• Robb G. Best

Want Better Sleep? Practice Optimism



Welcome back to our Sleep Series, a string of blog posts about the role of sleep in our lives, including the benefits of achieving enough slumber and tips to help make it happen. As life grows increasingly stressful and complicated, it becomes more and more important to perform the necessary steps to take care of yourself, sleep being key among them.


In this current juncture in history, it can be hard to maintain an upbeat attitude. The devastating effects of COVID-19, nationwide economic troubles, and civil unrest, among other factors, can make it very challenging to maintain a glass half full philosophy. However, for those of us able to maintain a more hopeful view, there are distinct benefits.


Past research has demonstrated that optimistic people live longer and are at lower risk for chronic diseases. And now, in a study led by Jakob Weitzer and Eva Schernhammer of the Medical University of Vienna’s Division of Epidemiology, optimists were found to sleep better than pessimists.


In 2017, 1,004 Austrians filled out a survey detailing, among other things, their sleep habits. When Weitzer and Schernhammer analyzed the data, they found that optimistic participants had a 70% lower chance of suffering sleep disorders or insomnia when compared to the pessimists. Why? Well, on one level, it's easier to imagine a negative thinker tossing and turning all night, consumed by fear and doubt.
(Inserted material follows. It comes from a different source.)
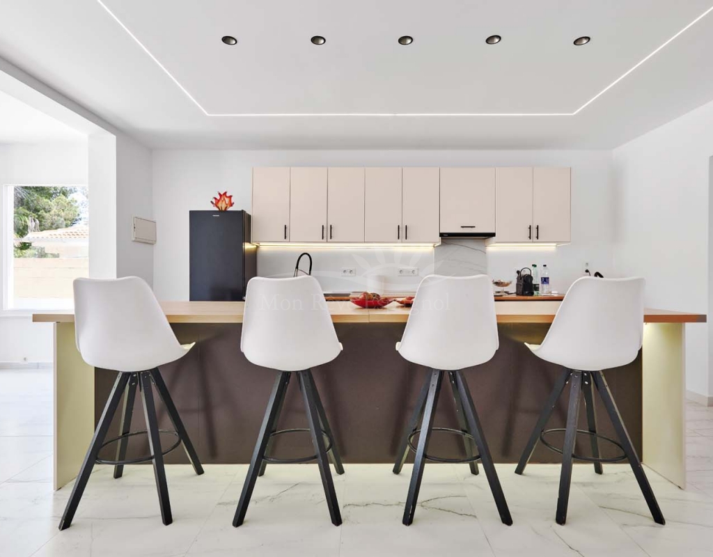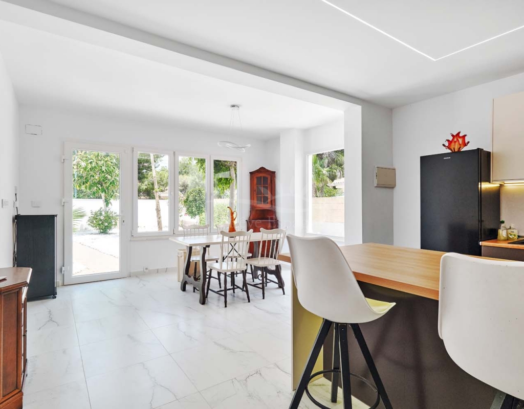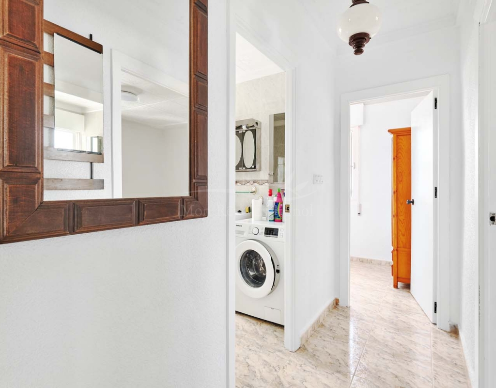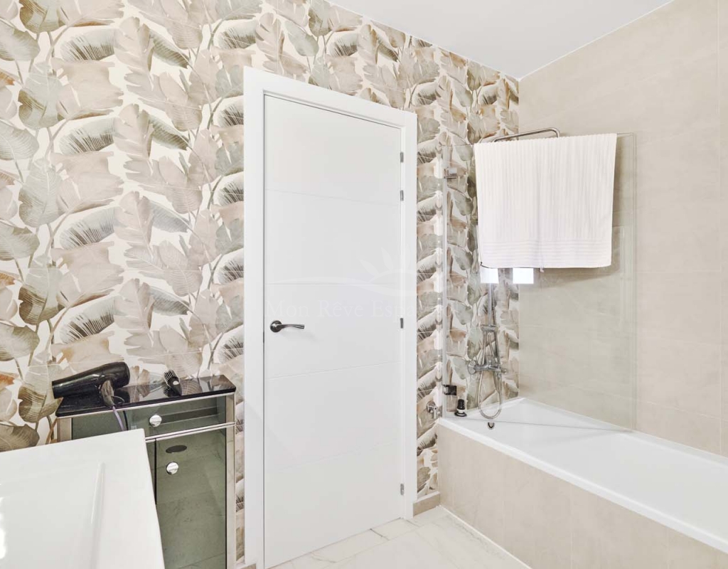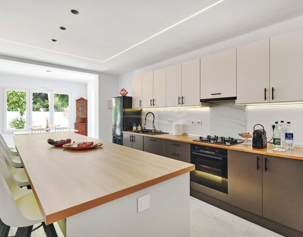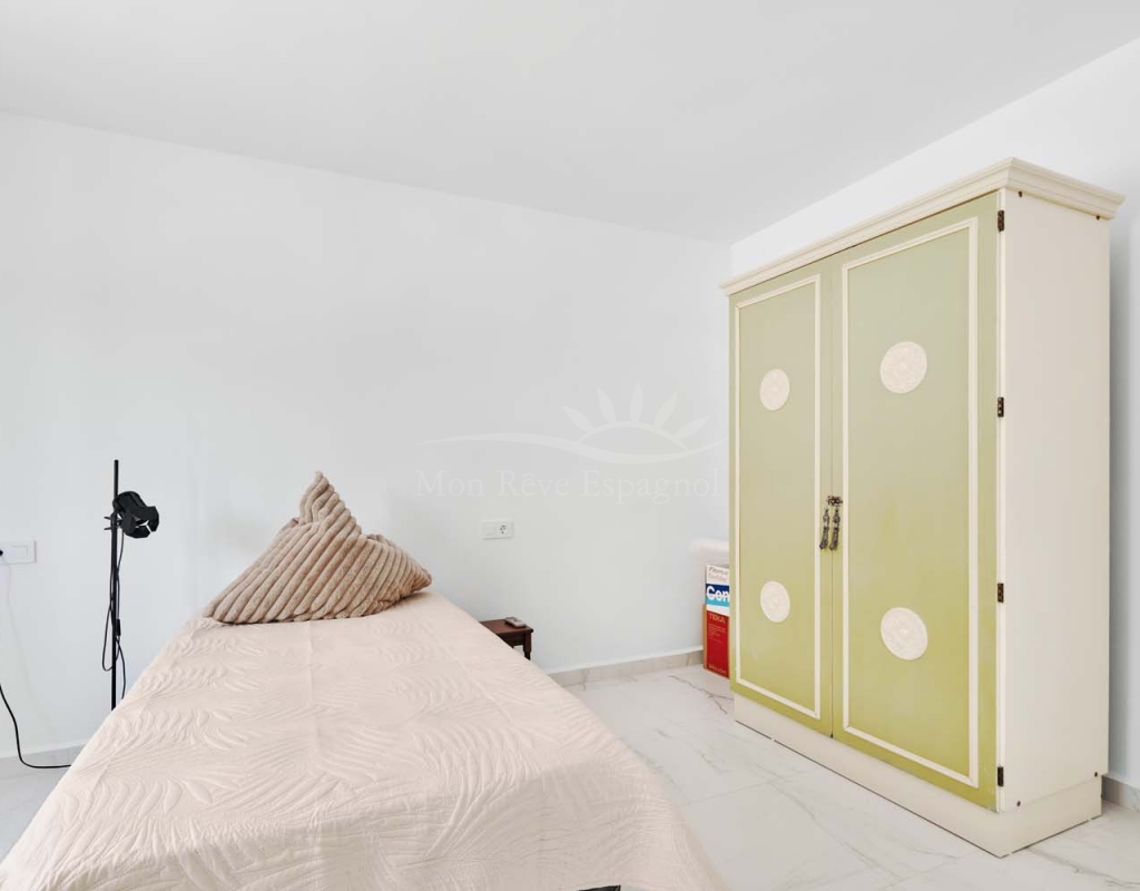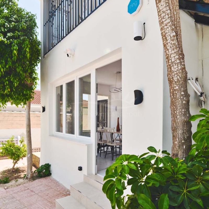 On the ground floor accessed via a glass door which opens into a spacious and bright open plan newly installed kitchen and dining room, this space really is the heart of the home with a large central island ideal for dining, working space or entertaining. To the right of the kitchen is a hallway which leads to a large bedroom, family bathroom and a smaller second bedroom which could also be used as an office or dressing room if preferred. To the rear of the kitchen is a living room with plenty of space for a dining area, there is a door from the living area which leads out to a lovely covered terrace at the side of the plot. A second door from the living room leads to the large master bedroom, there is air conditioning and patio doors which flood the room with light and lead to a terrace overlooking the green area.

However, the reasons seem to go deeper than that. “Other studies have shown that optimists take more exercise, smoke less and eat a healthier diet," said Weitzer. "On top of that, they have better strategies for coping with problems and experience less stress in challenging situations. All these factors could contribute to better quality sleep."
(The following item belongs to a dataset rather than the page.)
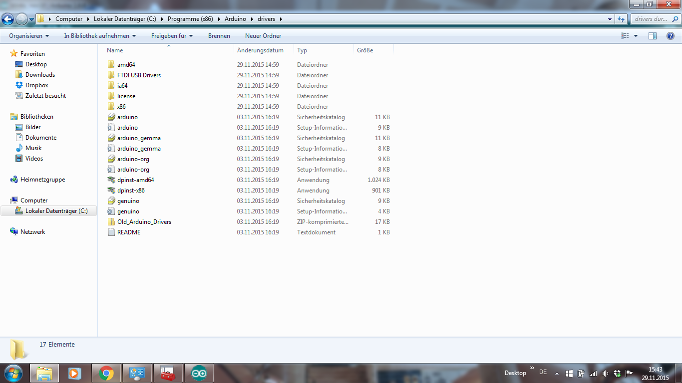 Habe sowohl lokal als auch Internet probiert, findet Treiber nicht. Habe die Software von der Arduino-Seite.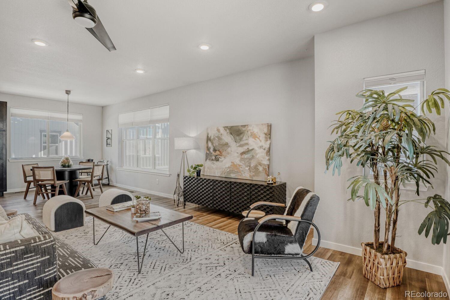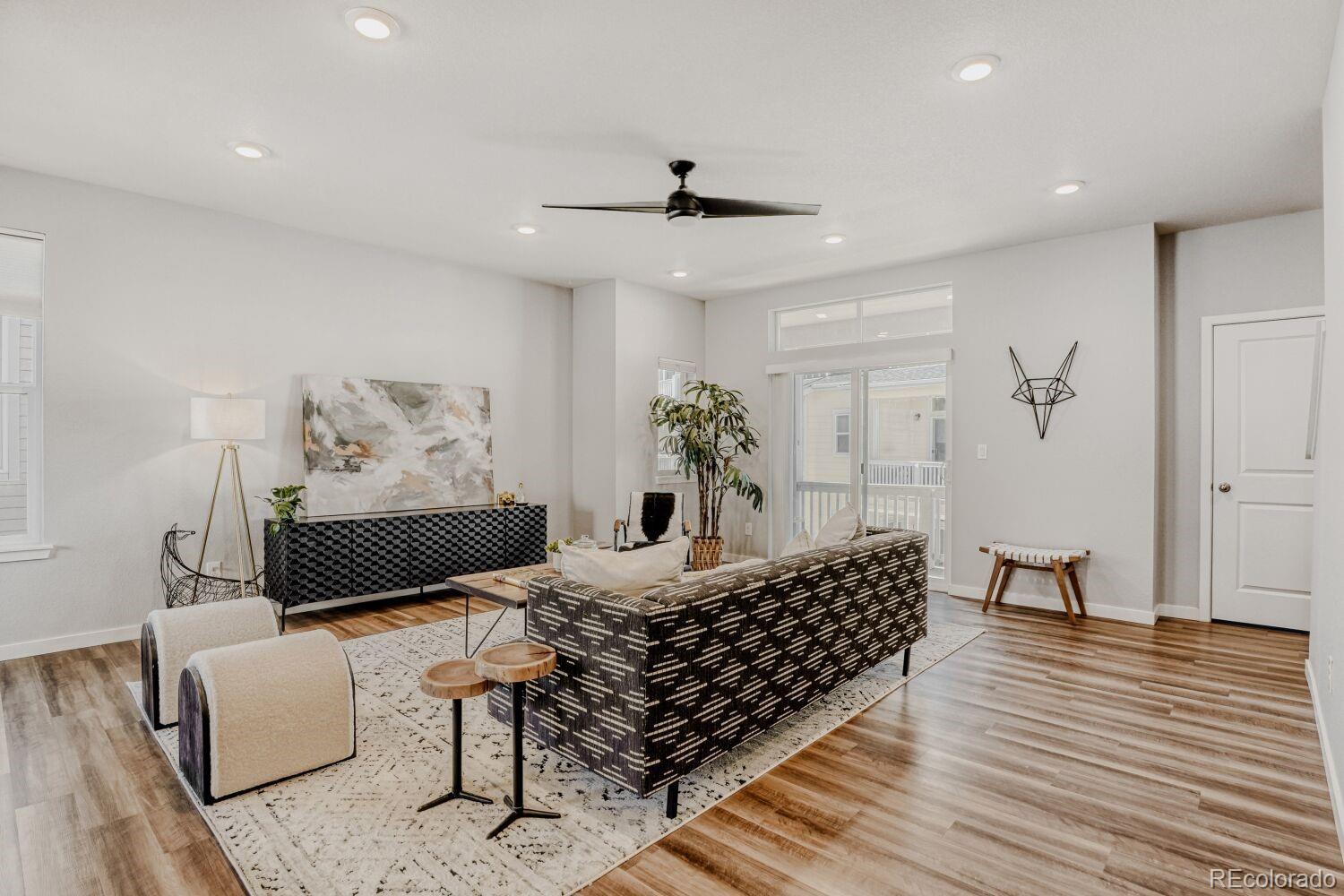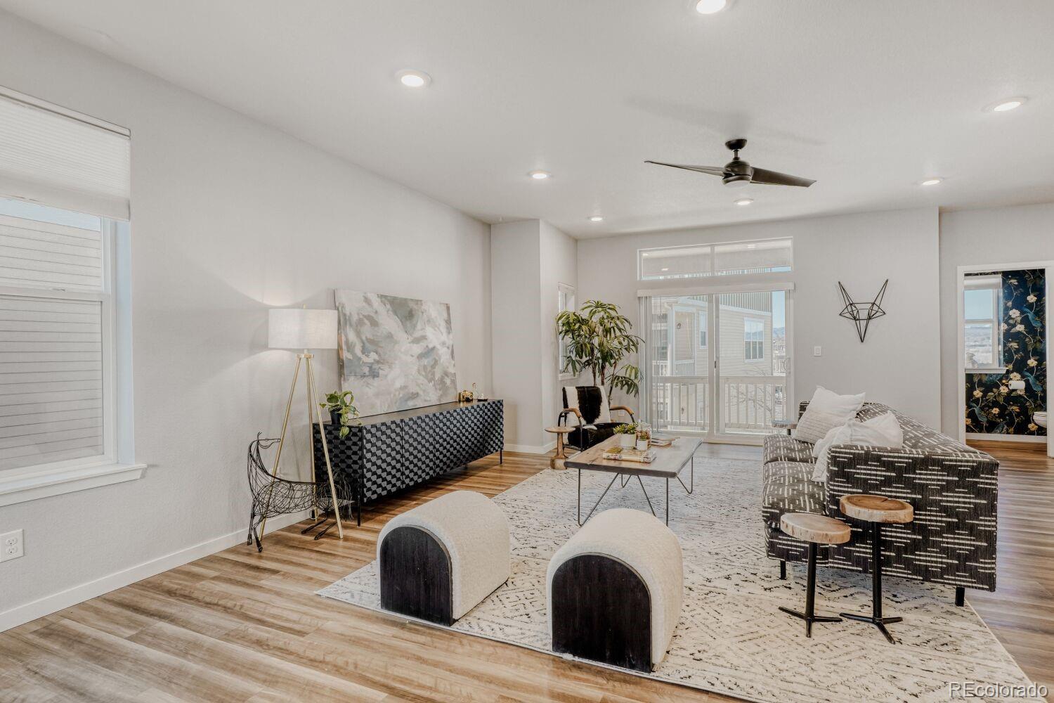 Welcome to this modern, light-filled townhouse in the heart of downtown Englewood, where sleek design meets everyday convenience. This 4-bedroom, 3-bathroom home features an open, airy layout with contemporary fixtures throughout, creating a clean, modern feel that’s both stylish and functional. The updated kitchen is a standout, centered around a huge island that’s perfect for gatherings, cooking, and casual dining. Enjoy mountain views from multiple vantage points, plus outdoor living with a welcoming front porch and a second-floor balcony, perfect for relaxing or hosting friends. Three bedrooms and the laundry closet are located on the top level, while custom closets add smart, functional storage throughout. The main-floor walk-out bedroom or office offers flexibility for remote work, a home gym, or a guest bedroom. With low HOA dues of just $70/month, this home delivers exceptional value in a prime location—just minutes from the Light Rail, the Gothic Theatre, shopping and dining galore, and an easy commute to downtown Denver or the Denver Tech Center. Modern, walkable, and perfectly situated, this spacious townhouse checks every box.

To the pessimists among us, this may seem like grounds for, well, despair. However, Weitzer and Schernhammer note that people can train up their optimism muscles with various mental exercises. For instance, there's the "Best Possible Self" method, in which the individual jots down how their best possible life could look in the future. Periodically reflecting on this ideal can help a person set ambitious but realistic personal goals.


“Some people are optimistic by nature, but many of us learn optimism as well. Anyone can learn to be optimistic — the trick is to find purpose in work and life,” Stanford professor Dr. Leah Weiss told NBC news in a 2017 piece on training the brain to be more positive. Experts say the true factor separating optimists and pessimists isn't their situations, or even how they perceive the world around them: it's how they cope.
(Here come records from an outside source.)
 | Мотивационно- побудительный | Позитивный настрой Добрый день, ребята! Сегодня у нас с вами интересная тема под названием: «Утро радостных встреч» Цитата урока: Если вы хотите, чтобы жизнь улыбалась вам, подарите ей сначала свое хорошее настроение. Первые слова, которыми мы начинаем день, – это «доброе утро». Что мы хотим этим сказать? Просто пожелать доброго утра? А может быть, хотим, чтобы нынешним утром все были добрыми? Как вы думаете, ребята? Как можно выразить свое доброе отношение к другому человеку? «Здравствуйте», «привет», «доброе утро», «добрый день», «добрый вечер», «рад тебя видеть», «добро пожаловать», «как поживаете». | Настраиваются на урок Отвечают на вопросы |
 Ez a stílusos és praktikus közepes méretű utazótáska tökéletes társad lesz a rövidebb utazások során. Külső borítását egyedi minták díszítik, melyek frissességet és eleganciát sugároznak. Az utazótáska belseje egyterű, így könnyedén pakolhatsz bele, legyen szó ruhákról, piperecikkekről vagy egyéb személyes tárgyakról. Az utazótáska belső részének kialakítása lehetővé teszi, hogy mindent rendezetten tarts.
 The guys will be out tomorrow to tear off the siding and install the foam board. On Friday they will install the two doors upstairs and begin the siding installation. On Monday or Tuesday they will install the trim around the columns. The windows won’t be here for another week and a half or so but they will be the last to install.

“Optimists do acknowledge negative events," added Dr. Aparna Iyer, a psychiatrist and assistant professor at the University of Texas Southwestern Medical Center, "but they are more likely to avoid blaming themselves for the bad outcome, inclined to view the situation as a temporary one and likely to expect further positive events in the future.”


For those struggling to see that glass as half-full, the NBC news article outlines a few strategies for increasing optimism levels:


  • Consciously shifting your thoughts in a more positive direction can have a surprising impact on your outlook.

  • Be mindful about who you spend your time talking to; try to surround yourself with positive voices.

  • Minimize your exposure to the news. The 24 hour news cycle can be overwhelming for anyone. Check in only once or twice a day.

  • Keep a gratitude journal. Write for a few minutes each day about what you're grateful for.

  • Practice mindfulness about what you can and cannot control.

  • Don't be afraid to still acknowledge that the negative exists; it's important to stay anchored to reality. This realism will help you better navigate life, creating more favorable outcomes.